The court refused plaintiff’s point regarding the speed of the train as follows:
“4. It is the duty of the railroad not to permit its trains to travel at a speed, which maintained in connection with adequate warning devices, would endanger a pedestrian or automobile driver who is himself not negligent.
“Whether or not the train in this case travelled at an excessive rate of speed, in view of the warnings given of the approach of the train is for the Jury to determine. If under all the circumstances, considering the nature of the crossing, and the warning signals given by the railroad, the speed of the train was excessive, and the deceased plaintiffs were not negligent in this case, the Jury must return a verdict for the plaintiffs.”
We do not think that the refusal of this request as presented was error. The district judge, as already above quoted, had accurately outlined the legal tying-in of the train’s speed with adequate warning under the present facts. He had charged plaintiff’s first point which included the speed of the train as one of the circumstances for the jury to consider in connection with the requirement of “suitable, timely and sufficient warning adapted to the circumstances” of the train’s approach to the grade crossing. In addition, the trial court held in refusing a new trial “that there was no evidence of excessive speed on the part of the train.” Our own examination of the record supports that conclusion. The fact that the speed was fifty miles an hour is undisputed. Of itself it was within the limit fixed by the railroad. There was no train speed fixed by law. And there is no evidence in this cause that the speed was excessive. What happened was that in the face of the clear warning of the blinker lights and the whistle, the car driver deliberately drove from a place of safety on to the westbound tracks despite poor visibility to his right and despite the fact that the danger was not coming from his left as he could then see. The train stopped according to the evidence within normal distance after the emergency brakes were applied. There is nothing in the testimony which gives the slightest indication that the train had defective brakes.
The denial of plaintiff’s seventh point was sound. It needs no discussion. The refusal of the eighth and ninth points was not error. The judge affirmatively instructed the jury that there was no element of contributory negligence before them; that the only negligence query was whether the railroad was guilty of negligence which was the proximate cause of the accident. He told the jury as a governing principle that “They (the decedents) had no control over its (the car’s) operation and none of them could have been guilty of negligence.”
We are satisfied that under the facts the charging of the defense seventeenth point was not reversible error.
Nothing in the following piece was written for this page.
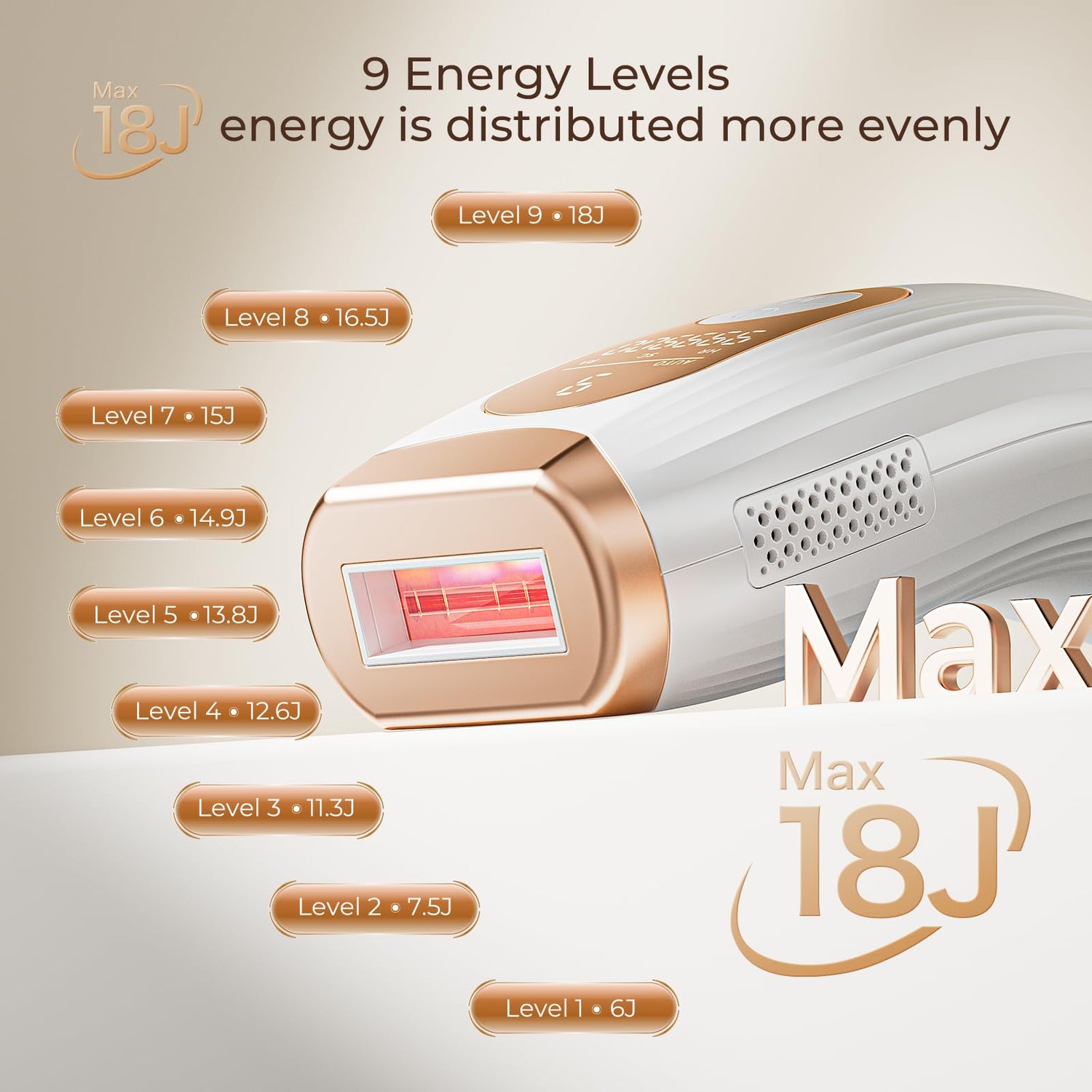 - 9 ENERGY LEVELS: The IPL hair removal device has upgraded 9 adjustable energy levels that you can adjust suitable energy level to satisfy your demands on hair removal and 18J energy is distributed more evenly to accommodate different skin and hair removal areas. The higher the energy level the better the hair removal effect. For the first time, please start from 1 st level, and then adjust the level according to the adaptability of your skin. The higher the level, the better the effect.

We have heretofore covered the evidence concerning prior excessive operation of the blinker lights, the subject of defendant’s allowed thirty-second point for charge.
Generally, appellant objects to the charge as wholly inadequate and unclear. *948This is not substantiated. The court presented the simple issue of defendant’s negligence to the jury sharply and fairly. This terribly unfortunate accident had killed five people, among them a two year old child. The four decedents whom plaintiff represented were innocent of fault and the judge so instructed the jury. But the judge could not and did not distort the facts or law arising from them to excuse the glaring fault of the driver of the automobile; the issue was not whether an accident had happened. However, the judge did, in accordance with his duty, pass along the case as the trial had crystallized it to the jury for its judgment. That judgment did, we think, completely dispose of the suit.
There are several items dealing with admission of evidence argued in appellant’s brief. We have examined these and do not find any of them raising a substantial question.
The judgment of the district court will be affirmed.